E, quindi, qui sale in scena Taulant Pasho. Non sappiamo se sia affiliato a quella che l’Antimafia considera come l’erede naturale della ’ndrangheta e l’organizzazione straniera tra le più pericolose sul territorio italiano, ma è un dato oggettivo che per Taulant, al carcere di Sollicciano, avessero praticamente messo la porta girevole. Entrava e usciva da lì, e sempre con la solita accusa: spaccio. E la mafia albanese, si sa, ’brilla’, si fa per dire, per tre cose: la violenza, il traffico di droga e la gestione della prostituzione. Taulant, lo dicono le carte, si era specializzato nella seconda. Ma anche sulla prima non scherzava affatto se è vero, come è vero, quello di cui il sostituto procuratore Ornella Galeotti ha chiesto conto ieri alla sorella Dorina.

Rewind, passo indietro. Andiamo alla prima metà del 2015. Shpetim e Teuta Pasho, i genitori di Dorina, Viktoria e Taulant, sono vivi e vegeti e fanno la spola fra l’Albania e la Toscana, dove vivono i figli. Un giorno Dorina si presenta ai carabinieri di Castelfiorentino per raccontare una storia: "Mio fratello mi ha picchiato".

E lo scenario che emerge è questo: Taulant avrebbe aggredito la sorella perché colpevole di frequentare un uomo sposato. E non va bene, ma proprio no, in ambienti profondamente legati all’onore e alla famiglia, con rapporti di sangue e matrimonio molto importanti. Perché la struttura familiare è caratterizzata da una forte disciplina interna, che si ottiene mediante azioni punitive per ogni deviazione dalle regole interne. E frequentare un uomo sposato è una deviazione. Che merita una punizione. ’Besa’, appunto.

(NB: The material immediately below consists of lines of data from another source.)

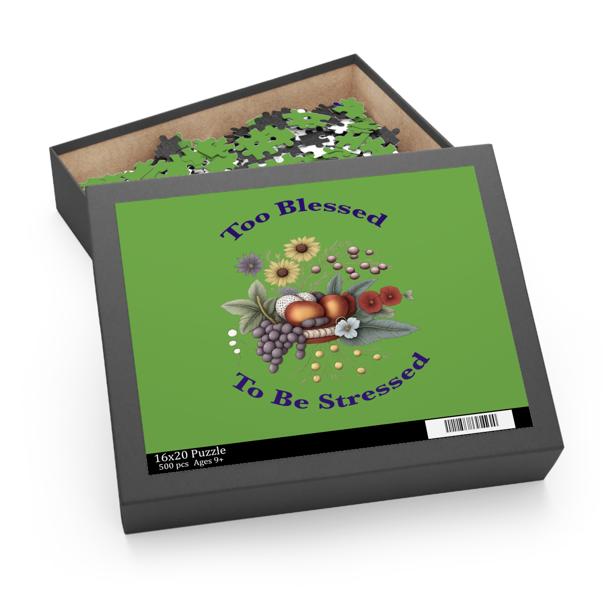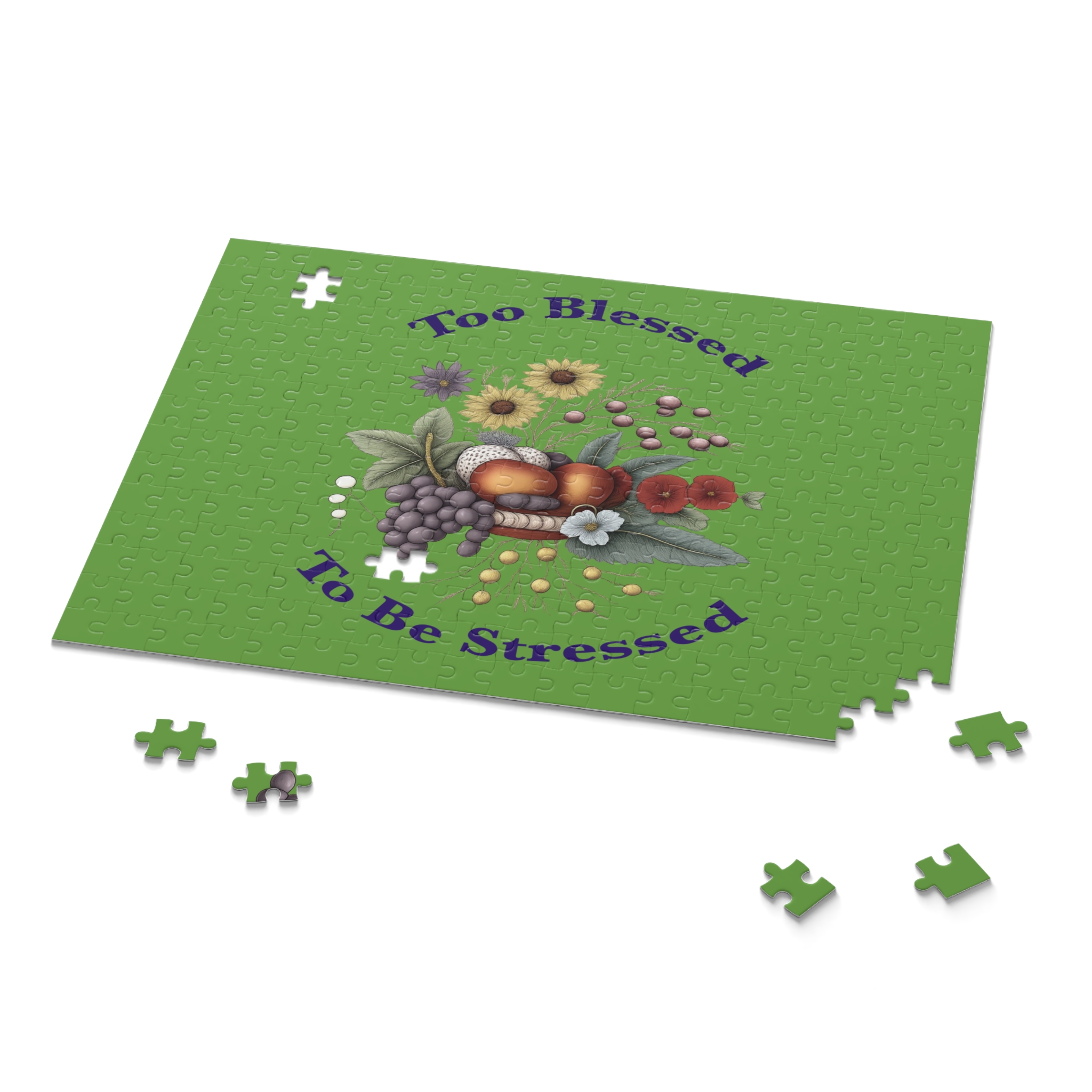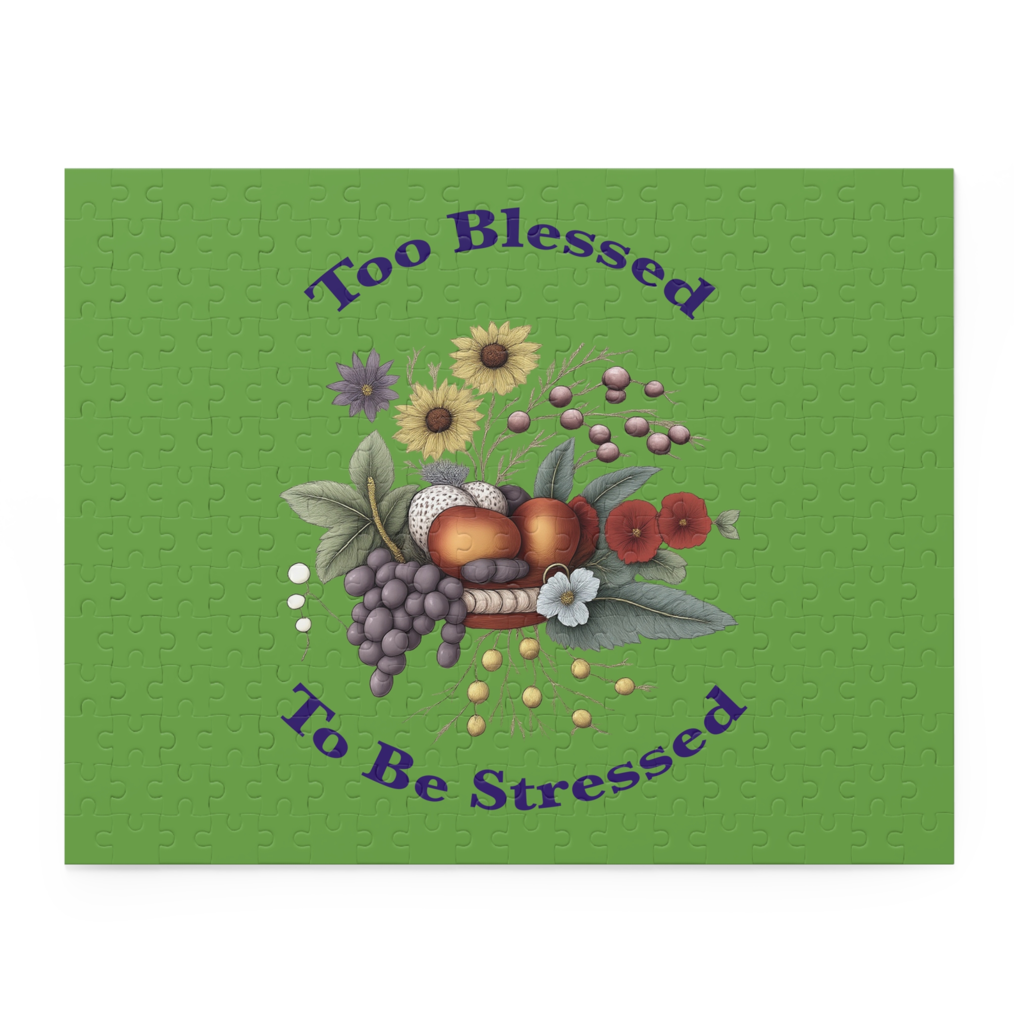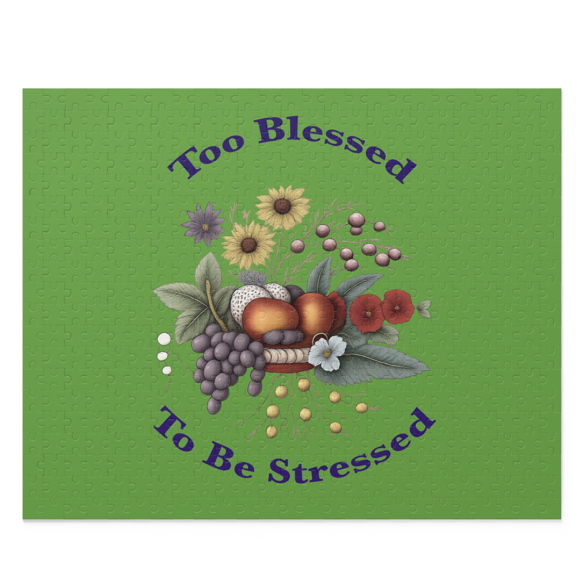 A bright, nostalgic puzzle that brings slow afternoons and friendly chatter to the table. Lush fruit and sunlit flowers sit at the center of a cheerful green field, ringed by the playful phrase “Too Blessed To Be Stressed.” Each piece snaps with satisfying weight and a glossy finish that makes the colors pop — the kind of puzzle you return to across tea refills and easy conversation. Choose from 120, 252, or 500 pieces to match how long you want the moment to last. Packaged in a compact paper box that shows the finished image for quick reference and gift-ready presentation.
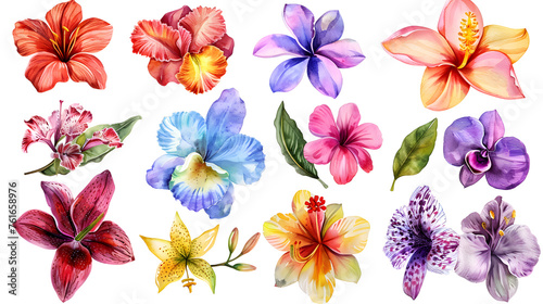bright, watercolor, flower, array, colourful, floral, botanical, bloom, artistic, nobody, no people, isolated, alpha, transparent
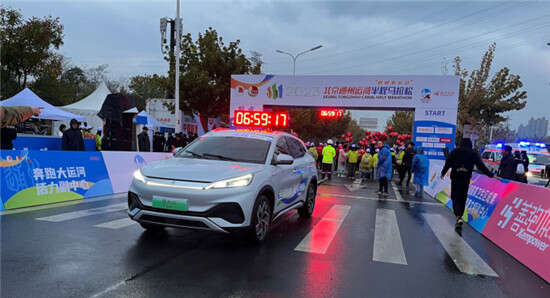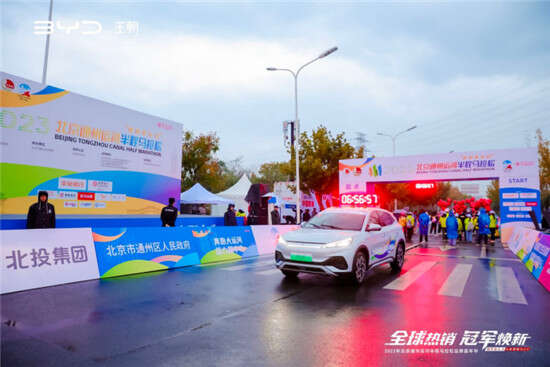 比亚迪王朝网携比亚迪元PLUS冠军版,助力2023北京通州运河半程马拉松圆满完成。
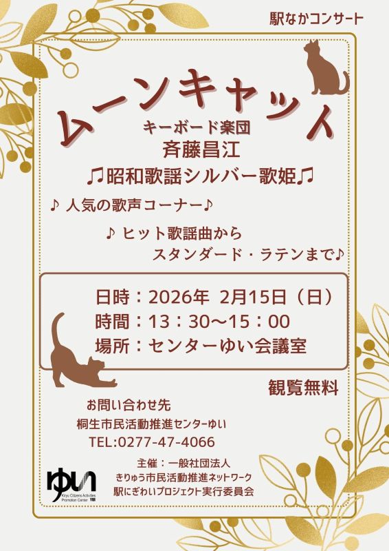 きりゅう市民活動推進ネットワークが主催する2月の「駅なかコンサート」と「寺子屋ゆい」を紹介します。

Da qui in poi, la nebbia delle ipotesi cala. Però bisogna capire che peso abbia, su quelle valigie abbandonate piene di pezzi di corpi smembrati, il fatto che, poco dopo aver picchiato la sorella, Taulant Pasho accoltelli un altro albanese, di un’altra famiglia. O vogliamo usare il termine clan? Le domande si susseguono una dopo l’altra, come grani di un rosario. Taulant ha accoltellato l’uomo sbagliato? Ed è stato forse punito per questo? Che ruolo hanno Taulant, Dorina e Viktoria sul palcoscenico di questa orribile storia? Di moventi, per la morte dei poveri Shpetim e Teuta, ce ne sono a pacchi. La droga, la vendetta, il denaro. ’Besa’. Si torna lì. Perché qualcuno ha tradito, questo è sicuro. Ma chi? E perché?